## Exercise requirements
In the material below, the lines between the one holding "- کنافه: دسر" and the one holding "落とし物を探しにきたという彼", inclusive, are to be set down word for word. Pictures stay out.

## Material supplied
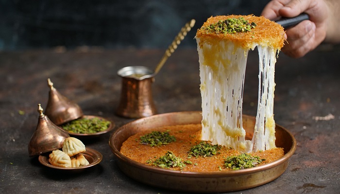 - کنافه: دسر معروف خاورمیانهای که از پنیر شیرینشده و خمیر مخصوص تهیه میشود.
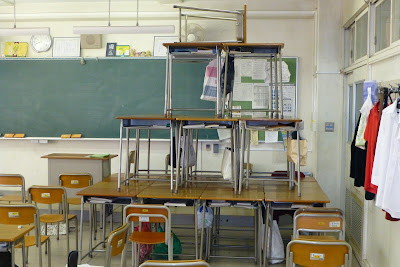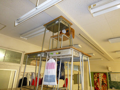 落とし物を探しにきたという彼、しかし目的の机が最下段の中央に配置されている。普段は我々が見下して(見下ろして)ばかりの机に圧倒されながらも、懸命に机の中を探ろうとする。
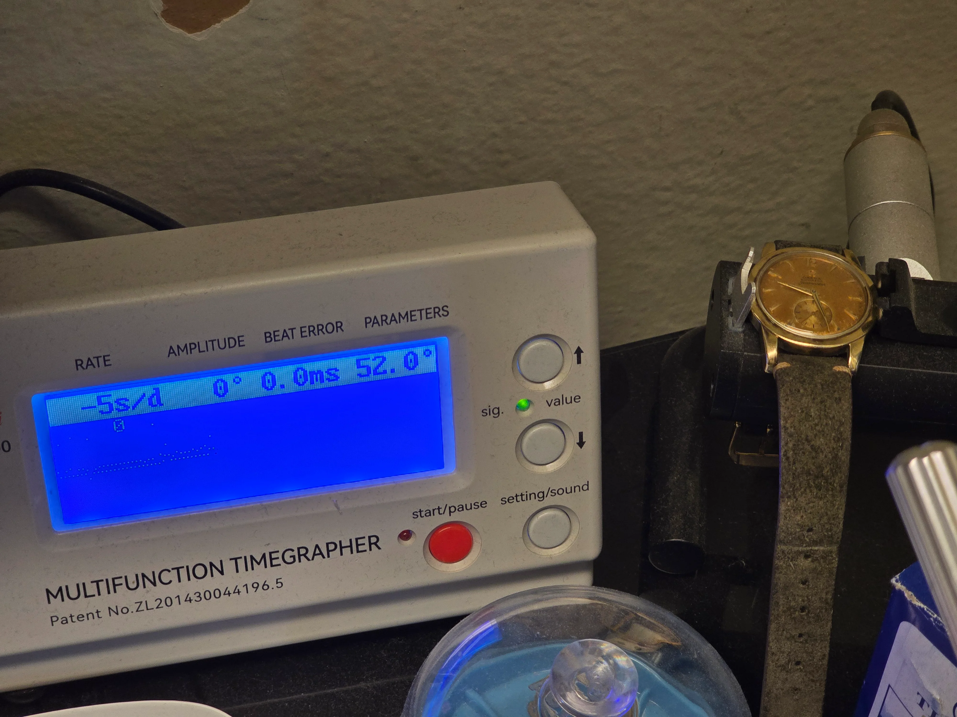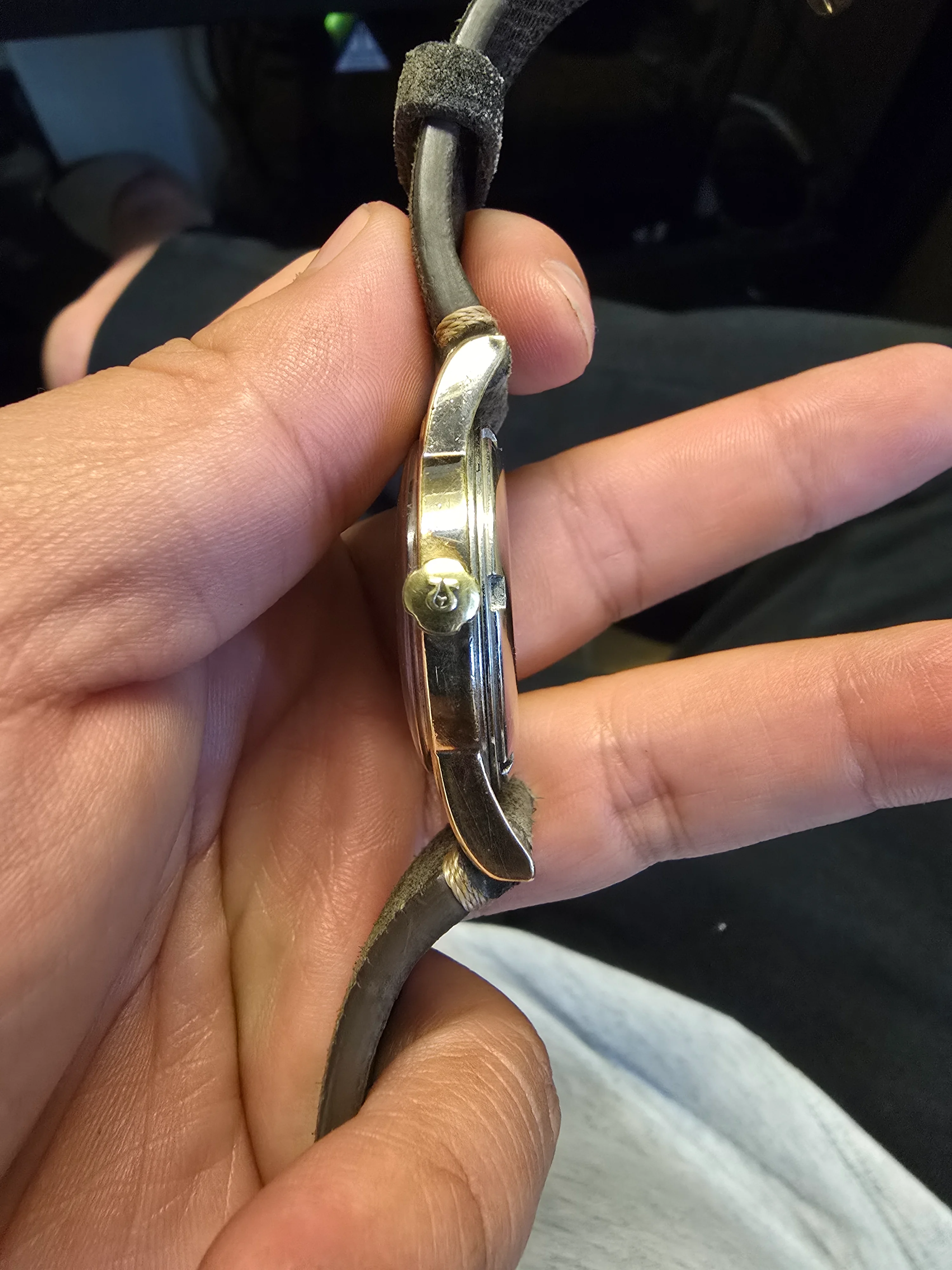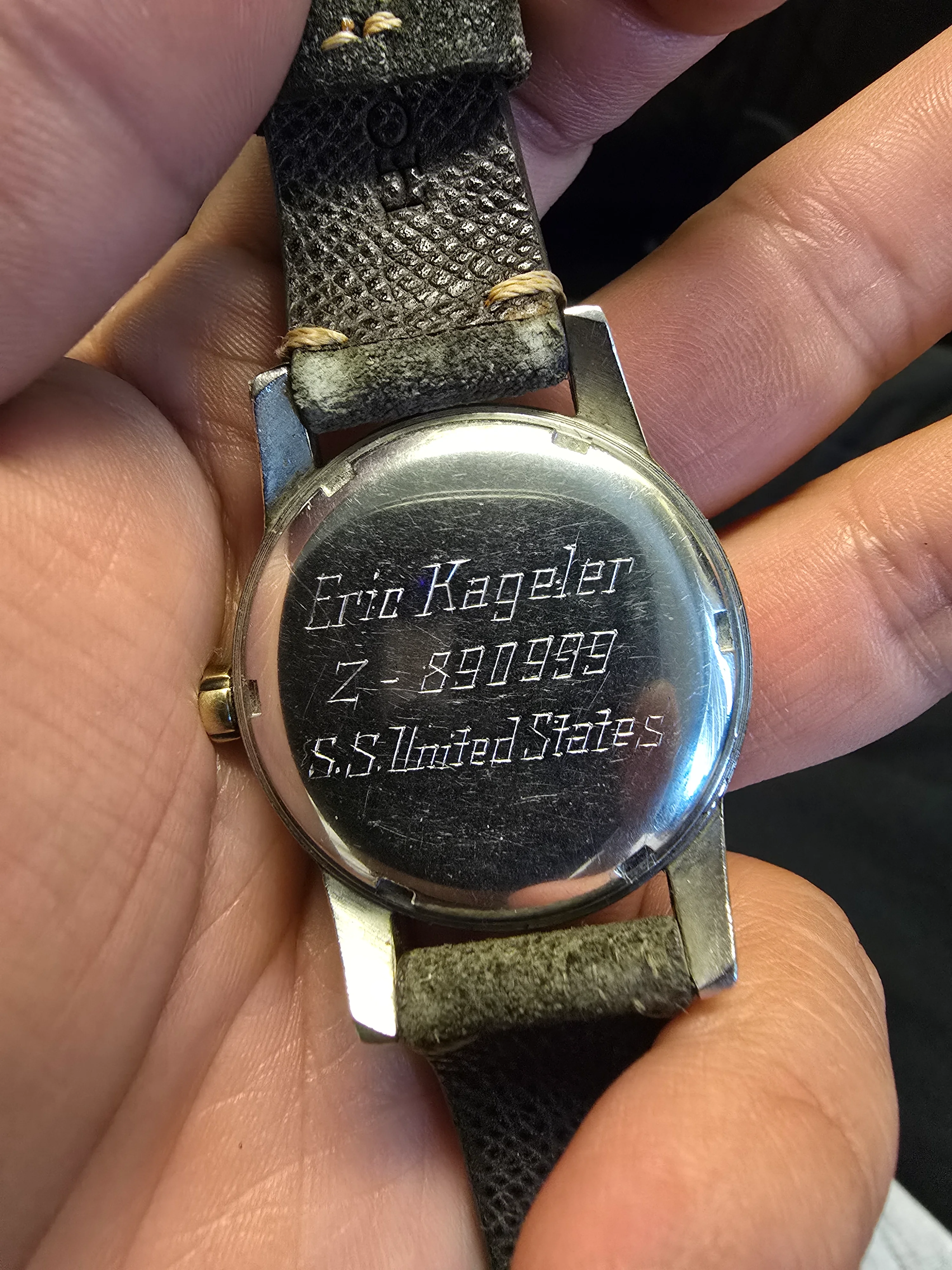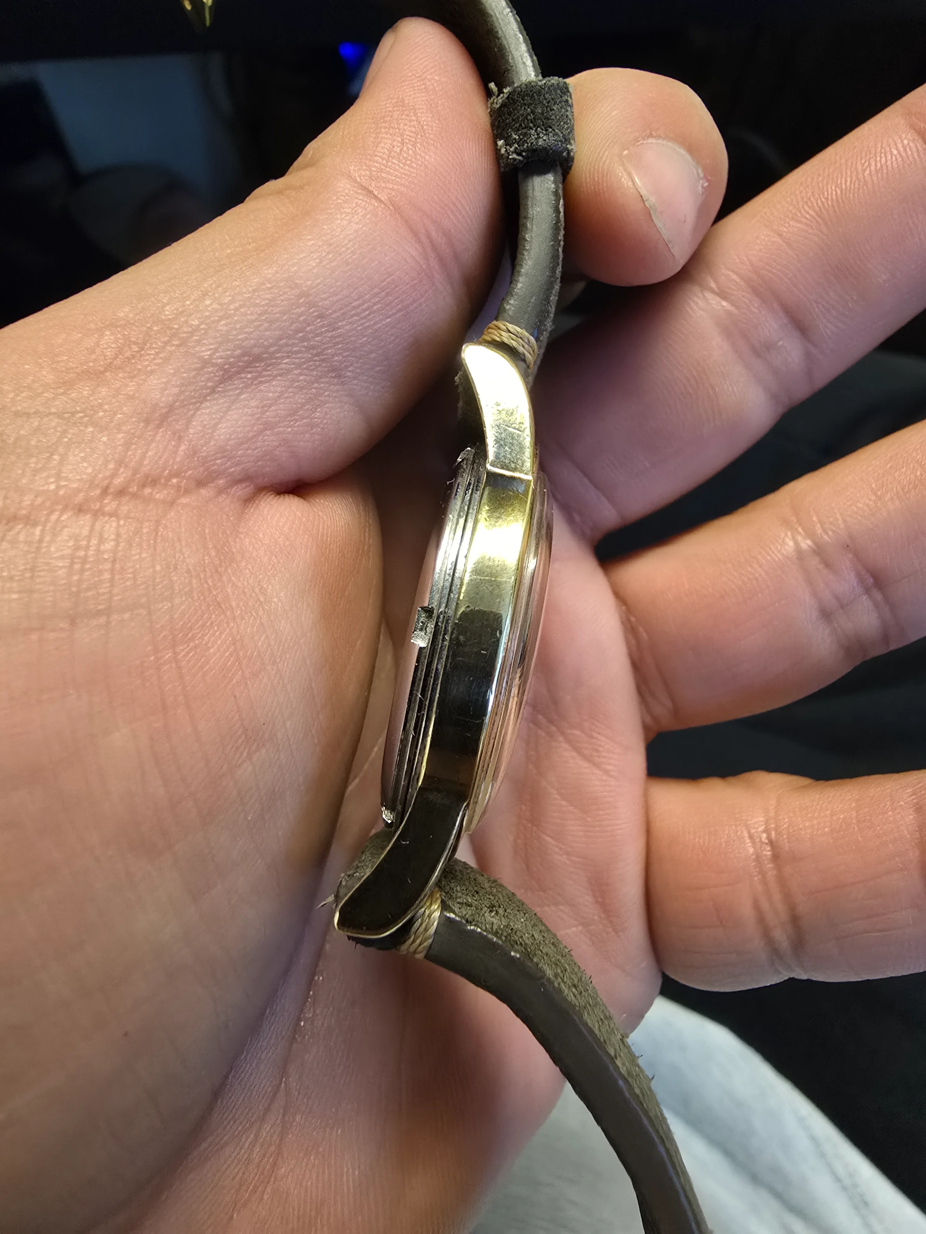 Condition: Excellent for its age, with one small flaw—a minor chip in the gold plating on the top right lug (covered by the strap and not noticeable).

---

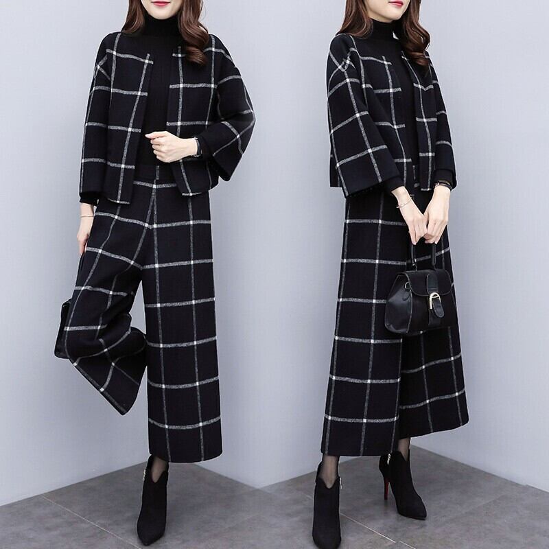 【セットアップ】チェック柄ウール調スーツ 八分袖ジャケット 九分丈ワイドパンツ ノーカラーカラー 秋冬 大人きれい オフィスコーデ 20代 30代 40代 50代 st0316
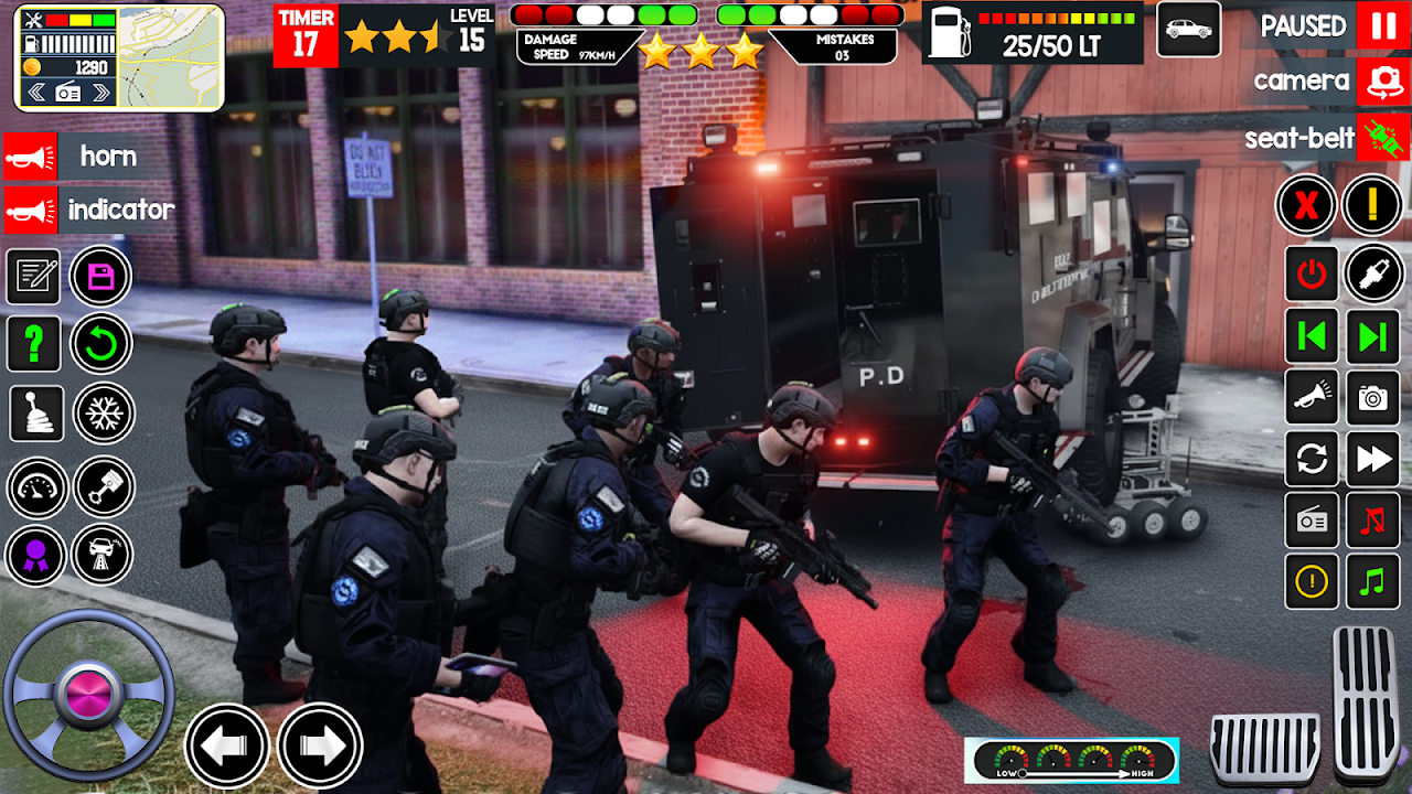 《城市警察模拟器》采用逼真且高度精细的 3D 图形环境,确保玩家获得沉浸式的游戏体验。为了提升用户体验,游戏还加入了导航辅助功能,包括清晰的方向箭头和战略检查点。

## Solution
 - کنافه: دسر معروف خاورمیانهای که از پنیر شیرینشده و خمیر مخصوص تهیه میشود.
 落とし物を探しにきたという彼、しかし目的の机が最下段の中央に配置されている。普段は我々が見下して(見下ろして)ばかりの机に圧倒されながらも、懸命に机の中を探ろうとする。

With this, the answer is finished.